● Task description
When you reach the line with "This Spiced Pear" in the records below, begin transcribing exactly and continue up to and including the line with "1P(III、5.7): Y", leaving out every picture.

(Stored records)
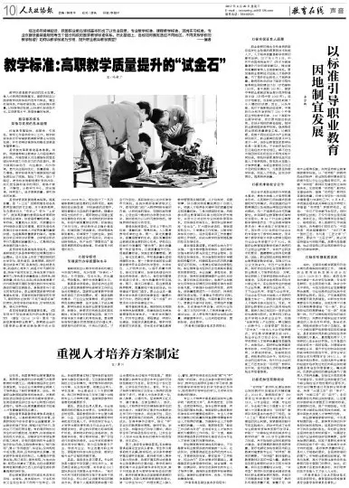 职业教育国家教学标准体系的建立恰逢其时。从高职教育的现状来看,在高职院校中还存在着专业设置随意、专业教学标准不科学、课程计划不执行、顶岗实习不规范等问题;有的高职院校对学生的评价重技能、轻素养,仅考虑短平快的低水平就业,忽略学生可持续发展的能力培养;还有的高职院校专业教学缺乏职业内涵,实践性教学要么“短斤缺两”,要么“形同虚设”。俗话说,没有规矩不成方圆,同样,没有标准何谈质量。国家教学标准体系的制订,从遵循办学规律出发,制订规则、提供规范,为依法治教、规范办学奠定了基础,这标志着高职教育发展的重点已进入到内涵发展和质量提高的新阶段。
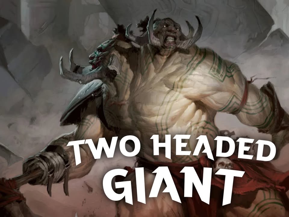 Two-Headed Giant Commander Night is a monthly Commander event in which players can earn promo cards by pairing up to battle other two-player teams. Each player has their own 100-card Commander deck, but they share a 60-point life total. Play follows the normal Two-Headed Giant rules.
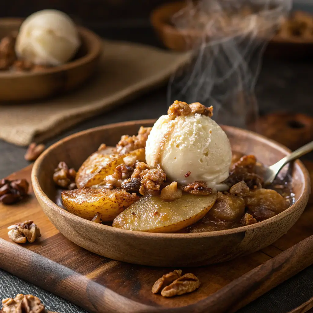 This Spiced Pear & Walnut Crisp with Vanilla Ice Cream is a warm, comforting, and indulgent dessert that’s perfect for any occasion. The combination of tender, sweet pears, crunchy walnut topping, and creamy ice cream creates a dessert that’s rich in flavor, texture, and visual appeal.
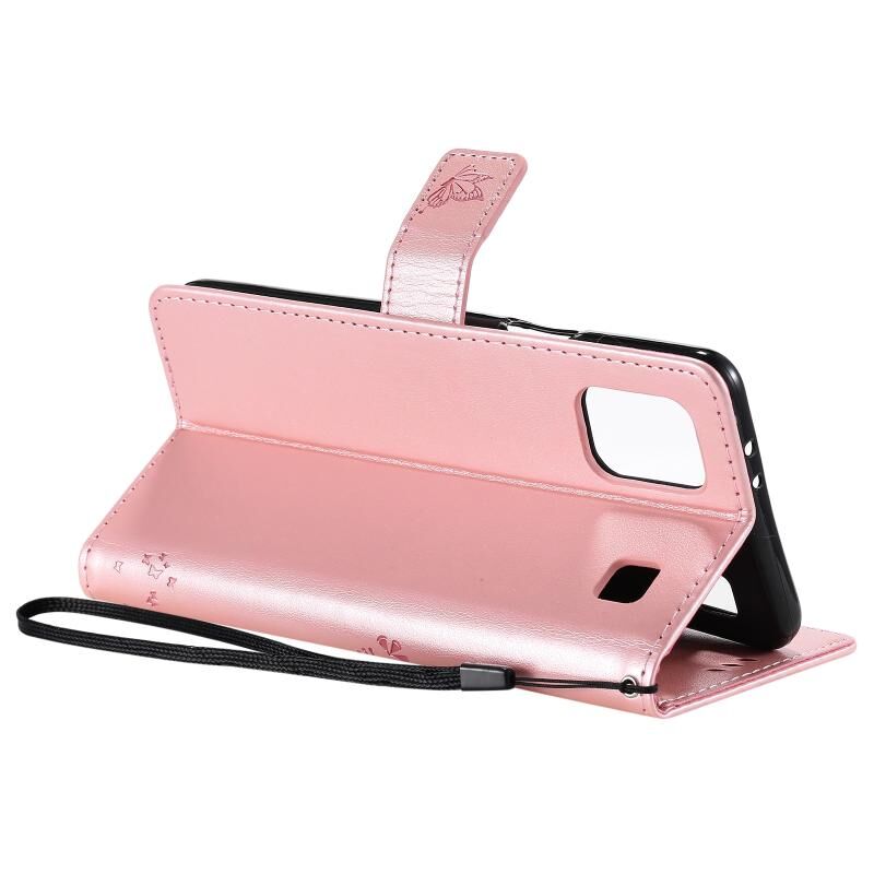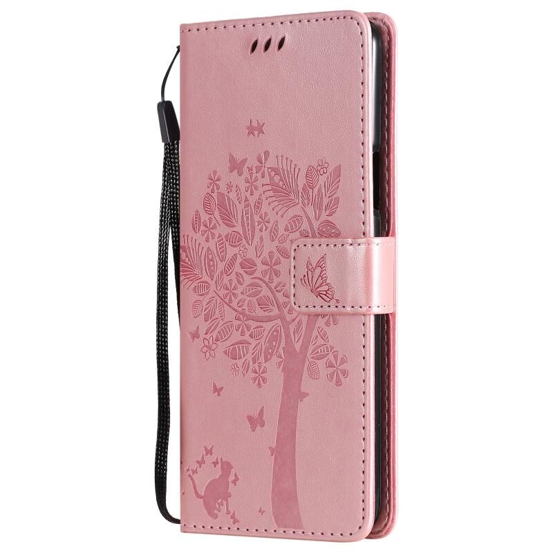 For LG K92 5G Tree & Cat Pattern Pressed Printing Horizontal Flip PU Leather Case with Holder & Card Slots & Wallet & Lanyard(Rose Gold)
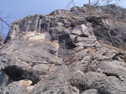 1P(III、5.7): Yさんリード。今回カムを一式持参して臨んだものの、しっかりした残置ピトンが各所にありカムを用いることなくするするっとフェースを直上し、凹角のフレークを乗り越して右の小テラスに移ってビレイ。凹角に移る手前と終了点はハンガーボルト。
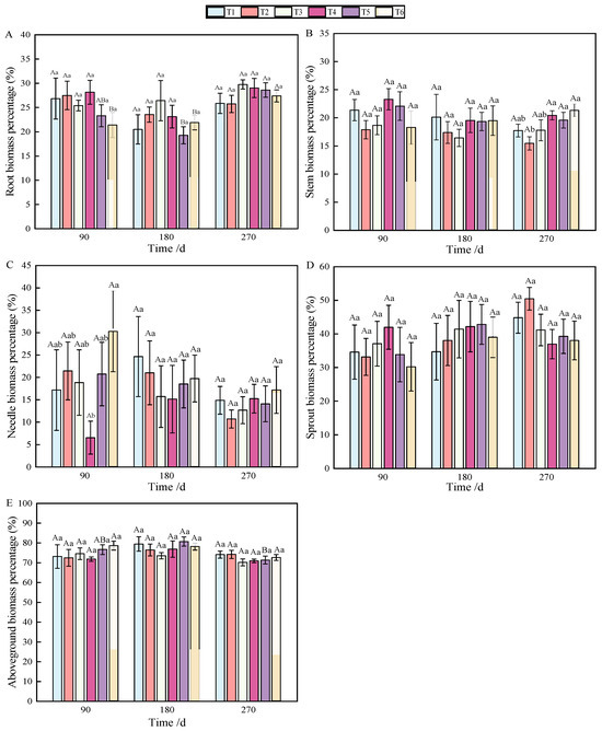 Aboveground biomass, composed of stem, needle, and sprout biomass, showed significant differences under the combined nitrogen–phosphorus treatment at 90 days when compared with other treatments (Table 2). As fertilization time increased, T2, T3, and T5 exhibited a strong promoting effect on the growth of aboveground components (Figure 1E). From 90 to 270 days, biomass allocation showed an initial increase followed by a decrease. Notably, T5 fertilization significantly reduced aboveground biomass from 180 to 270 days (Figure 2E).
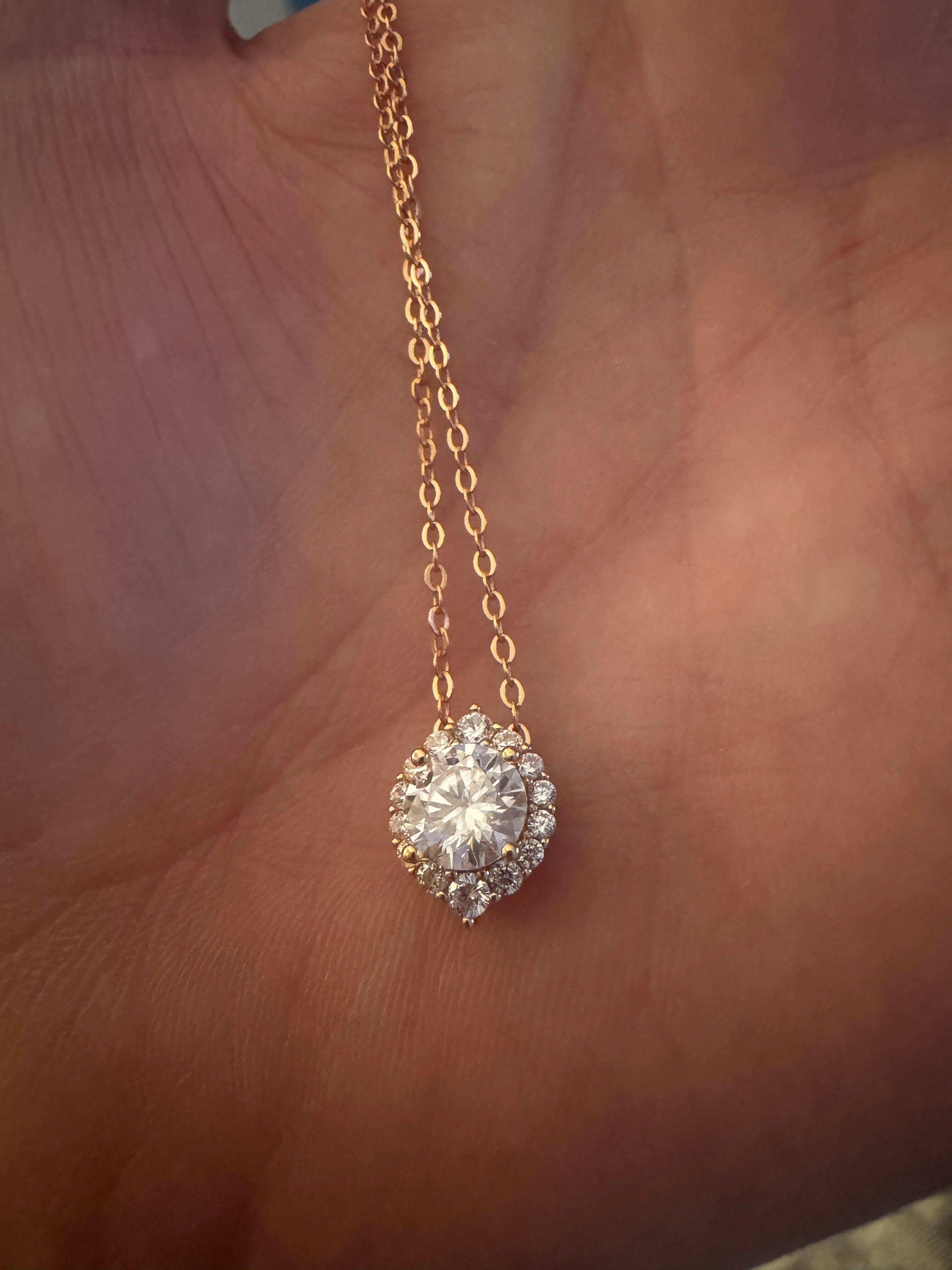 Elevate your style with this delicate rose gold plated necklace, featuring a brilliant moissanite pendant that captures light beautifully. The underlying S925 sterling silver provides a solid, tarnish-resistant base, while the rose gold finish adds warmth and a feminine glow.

● Result below
 This Spiced Pear & Walnut Crisp with Vanilla Ice Cream is a warm, comforting, and indulgent dessert that’s perfect for any occasion. The combination of tender, sweet pears, crunchy walnut topping, and creamy ice cream creates a dessert that’s rich in flavor, texture, and visual appeal.
 For LG K92 5G Tree & Cat Pattern Pressed Printing Horizontal Flip PU Leather Case with Holder & Card Slots & Wallet & Lanyard(Rose Gold)
 1P(III、5.7): Yさんリード。今回カムを一式持参して臨んだものの、しっかりした残置ピトンが各所にありカムを用いることなくするするっとフェースを直上し、凹角のフレークを乗り越して右の小テラスに移ってビレイ。凹角に移る手前と終了点はハンガーボルト。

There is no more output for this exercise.